Huge Telecom, a wholly-owned subsidiary company of Huge and the
principal trading operation of the Group, is one of South Africa’s
leading providers of connectivity services to the small, medium and
micro enterprises enterprise (“SME”) market. It provides wireless,
GSM-based,    fixed-cellular,    last-mile    connectivity    services
(connections) for voice, messaging and data. It procures these last-
mile connectivity services from the mobile network operators (“MNOs”).

Eyeballs Mobile Advertising Proprietary Limited (“Eyeballs”), which
is 96% owned by Huge, is an application technology developer and
provider.   The “Eyeballs” technology application is downloaded and
installed by recipient users on their mobile phones. The application
displays advertising and content images on the phone screen when calls
or messages are received on the recipient user’s phone.

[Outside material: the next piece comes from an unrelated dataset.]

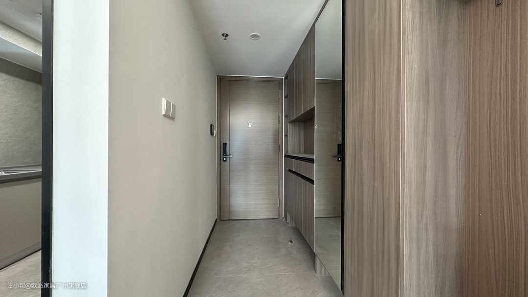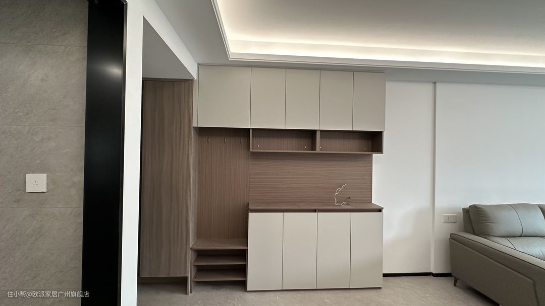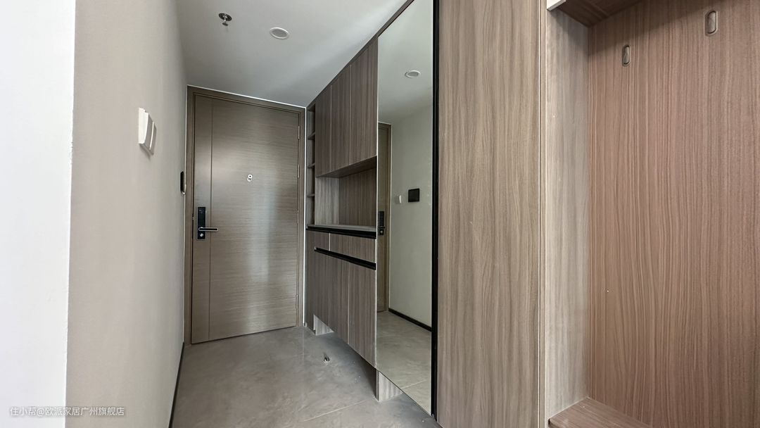 ① 进门靠墙定制入户柜,进深轻薄的同时也能满足收纳需求。中间设置镂空区,方便随手方式包包、钥匙,也可以提前预留插座,方便小电器的使用,回家也不用摸黑 ② 柜子下面预留15cm换鞋区,换穿更方便,隐藏鞋子门口不会乱糟糟。柜内设置活动格,满足不同鞋类的收纳归类 ③ 定制一面镜面柜,方便出门整理着装,实用性拉满

Further investor and shareholder information is available at
www.hugegroup.com.

FINANCIAL OVERVIEW
GROUP FINANCIAL PERFORMANCE
During the period under review, Huge has increased revenue and
operating profit, improved operational efficiencies and reduced
operating expenses.

INVESTMENT HOLDING ACTIVITIES
The loan funding agreement with Afrasia Special Opportunities Fund
(Pty) Ltd (“ASOF”) for the provision of short term funding in the
amount of R20 million, has been extended for a further 12 month period,
subject to interest at a rate of prime plus 9% per annum and repayable
in one lump sum on 30 November 2016.

The Board of Directors of the Company has taken into account the rapid
growth being experienced by the Company and the various sources of
capital that are available to it in order to fund this growth. After
careful consideration, the Board is of the view that the cost of the
ASOF Funding will, on a rolling twelve month basis, be cheaper than
the cost of equivalent equity funding.

TELECOMMUNICATIONS ACTIVITIES
Huge Telecom is the Group’s principal revenue generator.
Review of operations
Distribution
Huge Telecom has continued to grow its distribution capabilities
during H1FY16. As at the date of this announcement, Huge Telecom has
in excess of 550 Business Partners.
Business Partner activity levels measured by the number of active
Business Partners increased during H1FY16 by more than 20% when
compared to H1FY15.
Market positioning
Huge Telecom’s connectivity services are distributed mainly to small
and medium enterprise (“SMEs”). Huge Telecom provides connectivity
services to over 11 000 customers. It has no more than a 1% exposure
to its single largest customer and therefore customer concentration
risk remains low.
Sales
Monthly sales of telephone lines averaged approximately 800 during
H1FY16 (H1FY15: 1 100).
Churn
Monthly churn of telephone lines averaged approximately 300 during
H1FY16 (H1FY15: 250).
Revenue
Revenue for H1FY16 is 8% higher than the revenue for H1FY15.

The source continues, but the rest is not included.